Steer, Don't Solve: Training Small Critic Models for Large Code Agents
Researchers developed a small critic model that guides large code agents during execution rather than evaluating completed work, reducing computational costs while improving performance. The approach achieves 25.2% accuracy on SWE-bench Verified at 64% lower expense than larger agents, demonstrating that supplementing agent training with efficient feedback mechanisms outperforms scaling alone.
The research addresses a fundamental inefficiency in code agent development: end-to-end training conflates two distinct optimization problems. Large agents struggle to balance code-level execution with strategy-level reasoning, and joint optimization leaves higher-order decision-making underdeveloped. By freezing the agent and introducing a small critic model that provides real-time feedback during trajectory execution, the team decouples these concerns and achieves superior results with dramatically reduced overhead.
This work builds on growing recognition that bigger models aren't always better. The AI research community has increasingly explored how smaller, specialized models can enhance larger systems through targeted feedback loops rather than raw scale. Traditional post-hoc critics score completed attempts, missing opportunities to steer agents away from unproductive paths mid-trajectory. The authors' intra-trajectory approach mirrors human problem-solving, where intermediate course-corrections prevent wasted effort.

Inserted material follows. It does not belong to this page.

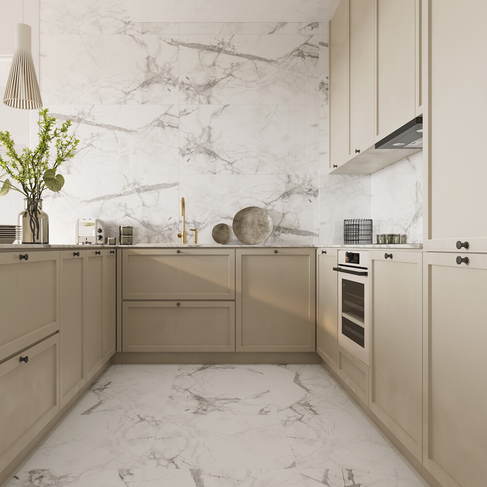 Vinylová podlaha Vilo SPC Calacatta Snow, je určená k bezespáré pokládce podlahy v interiéru jako dlažba. Je vhodná pro místnosti s vysokým provozem a zejména do míst s kontaktem s vodou, jako jsou koupelny, kuchyně, toalety. Výhodou je, díky zámkovému systému bezesparý povrch, odolnost proti otěru a protiskluzný povrch. Podlaha Vilo SPC je vyrobena unikátní technologií spojující kamenný prášek a pryskyřici. Tím vznikne jádro kompozitní desky SPC (Stone Polymer Composite). Na toto jádro je tištěn dekor, který je následně pokrytý UV odolnou vrstvou. Podlahy Vilo SPC se dodávají v provedení sametový mat.

The practical implications are significant for both AI labs and commercial applications. A critic-guided Qwen3-Next-80B agent costs $0.04 per inference compared to $0.11 for the unguided version while achieving superior accuracy—a compelling value proposition. The critic transfers effectively across unseen agents, suggesting broad applicability. Companies deploying code agents face mounting operational costs; this technique offers tangible savings without sacrificing quality.

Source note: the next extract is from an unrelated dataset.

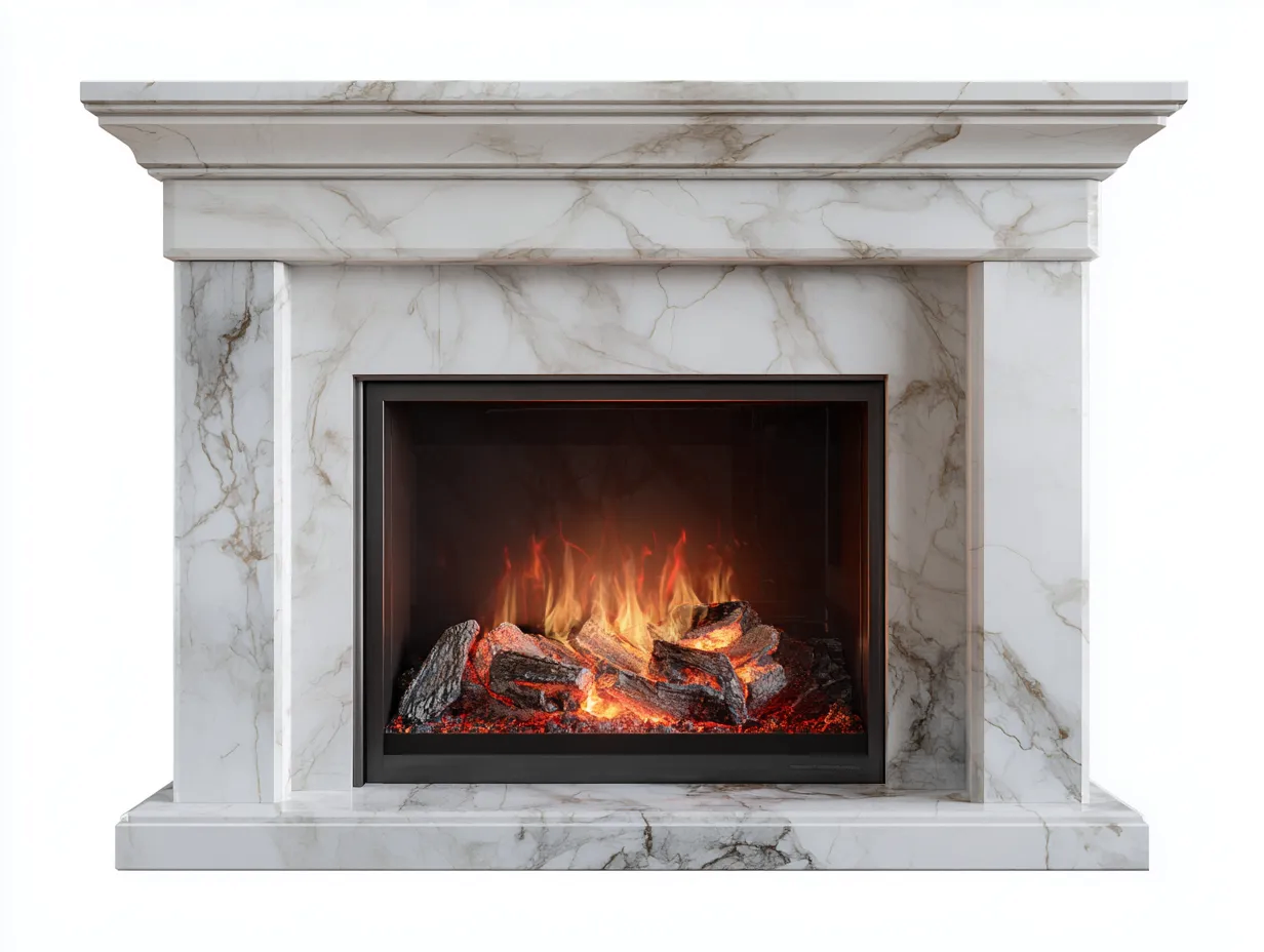 Struttura realizzata in marmo di colore bianco con venature naturali visibili. Le superfici sono lavorate con precisione per garantire una resa estetica uniforme e una finitura pulita. Il telaio frontale scuro definisce l'apertura del vano fiamma.

The open-source release and model availability enable rapid adoption and validation. Future work likely explores scaling critic models intelligently, adapting critics across different agent architectures, and applying similar steering principles to other complex reasoning tasks. This research exemplifies how thoughtful architectural choices and efficient training strategies can compete with brute-force scaling in specialized domains.
- →Small critic models steer agents during execution, achieving 25.2% accuracy at 64% lower cost than larger unguided agents on code tasks.
- →Intra-trajectory feedback via supervised fine-tuning outperforms post-hoc trajectory scoring by enabling mid-course corrections.
- →Critics trained on one agent's trajectories transfer effectively to unseen agents with gains of +3.0 to +5.2 percentage points.
- →The critic-guided approach reduces inference costs from $0.11 to $0.04 while simultaneously improving accuracy and shortening trajectories.
- →Open-source release enables rapid adoption across diverse code agent architectures and use cases.